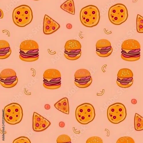 Seamless pattern of pizza slices, burgers, and small circles on a peach background for design
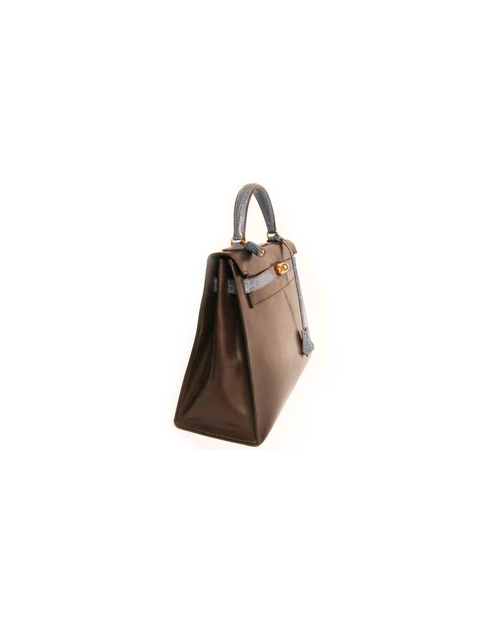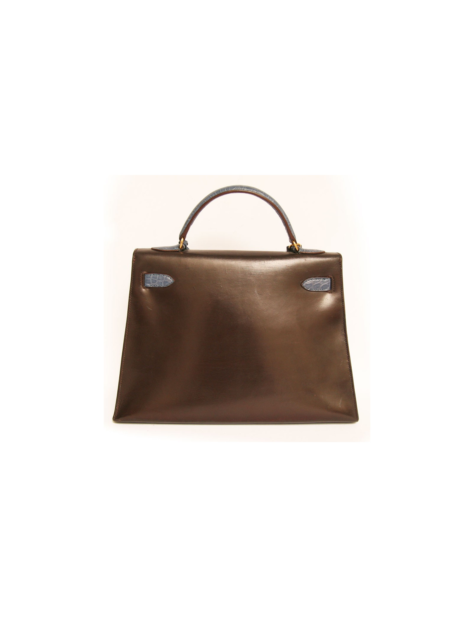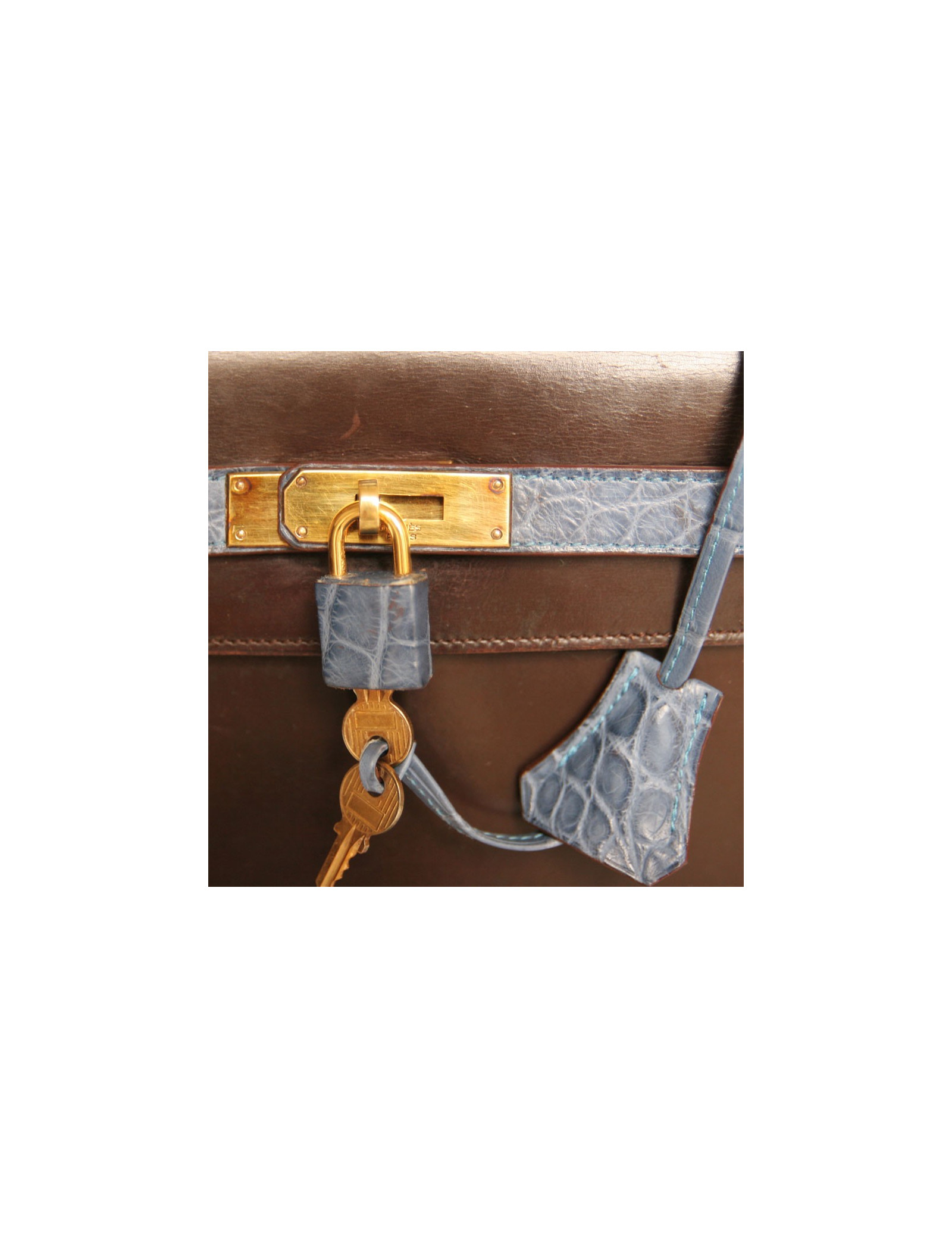 Sublime bag Kelly sellier 32 HERMES, vintage Brown with links box and Cove in crocodile blue jeans (probably made by a craftsman)
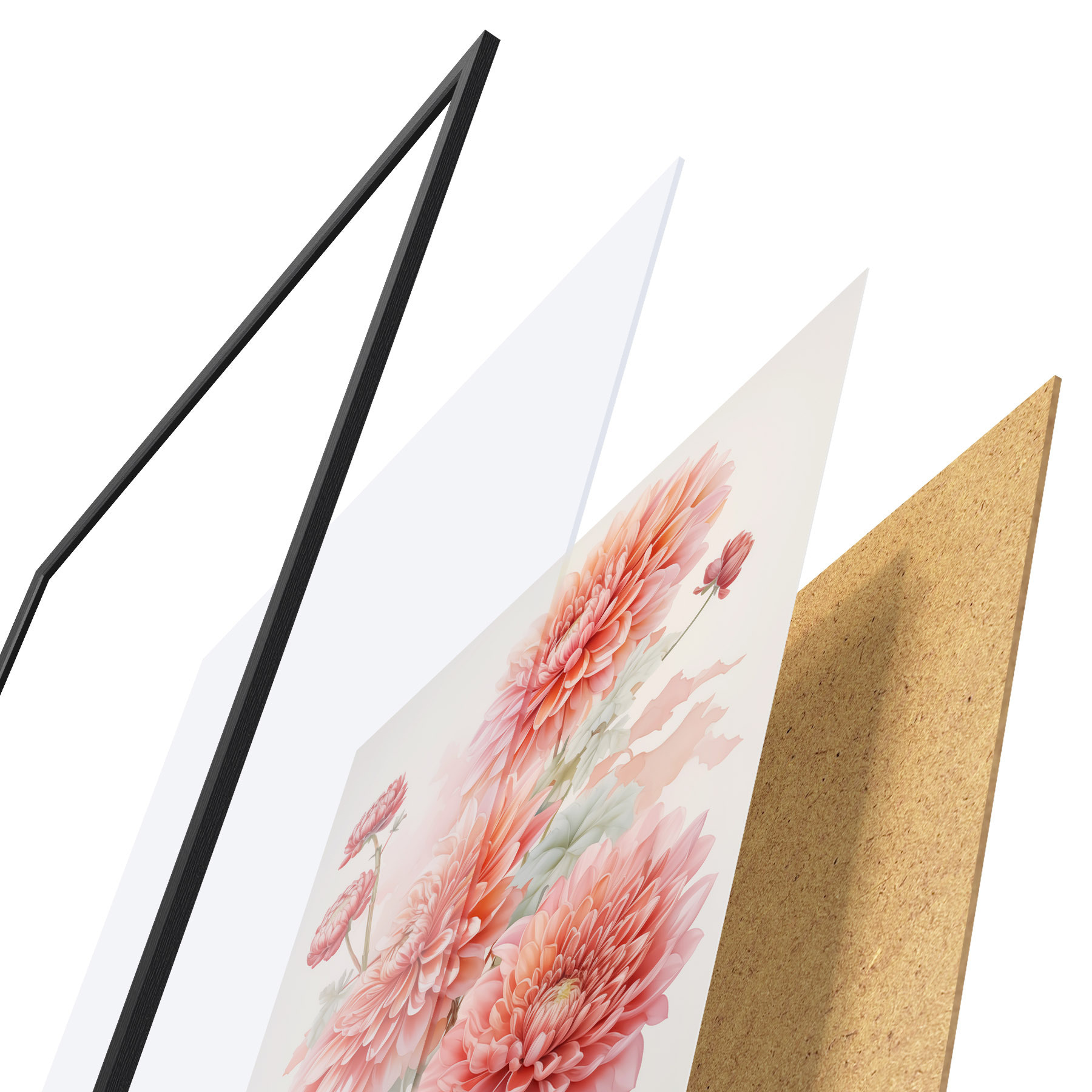 Plakatą sudaro rėmas, pleksiklas, atspausdintas vaizdas ir medžio drožlių plokštės pagrindas. Plakatą galima iš karto pakabinti ant sienos dėl kitoje pusėje esančių laikiklių.
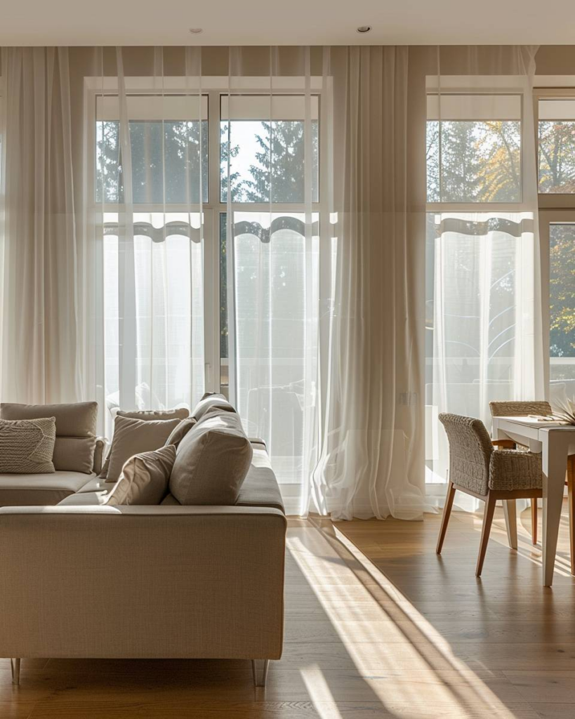 Trenne das Wohnzimmer mit Vorhängen ab. Wähle leichte Stoffe, die Licht durchlassen. Bringe Schiene und Vorhang flexibel an der Decke an. So schaffst du Rückzugsorte und lässt Wohn- und Essbereich harmonisch wirken.

Problem statement: Print the listing exactly, images excluded.

Task result:
 Seamless pattern of pizza slices, burgers, and small circles on a peach background for design
 Sublime bag Kelly sellier 32 HERMES, vintage Brown with links box and Cove in crocodile blue jeans (probably made by a craftsman)
 Plakatą sudaro rėmas, pleksiklas, atspausdintas vaizdas ir medžio drožlių plokštės pagrindas. Plakatą galima iš karto pakabinti ant sienos dėl kitoje pusėje esančių laikiklių.
 Trenne das Wohnzimmer mit Vorhängen ab. Wähle leichte Stoffe, die Licht durchlassen. Bringe Schiene und Vorhang flexibel an der Decke an. So schaffst du Rückzugsorte und lässt Wohn- und Essbereich harmonisch wirken.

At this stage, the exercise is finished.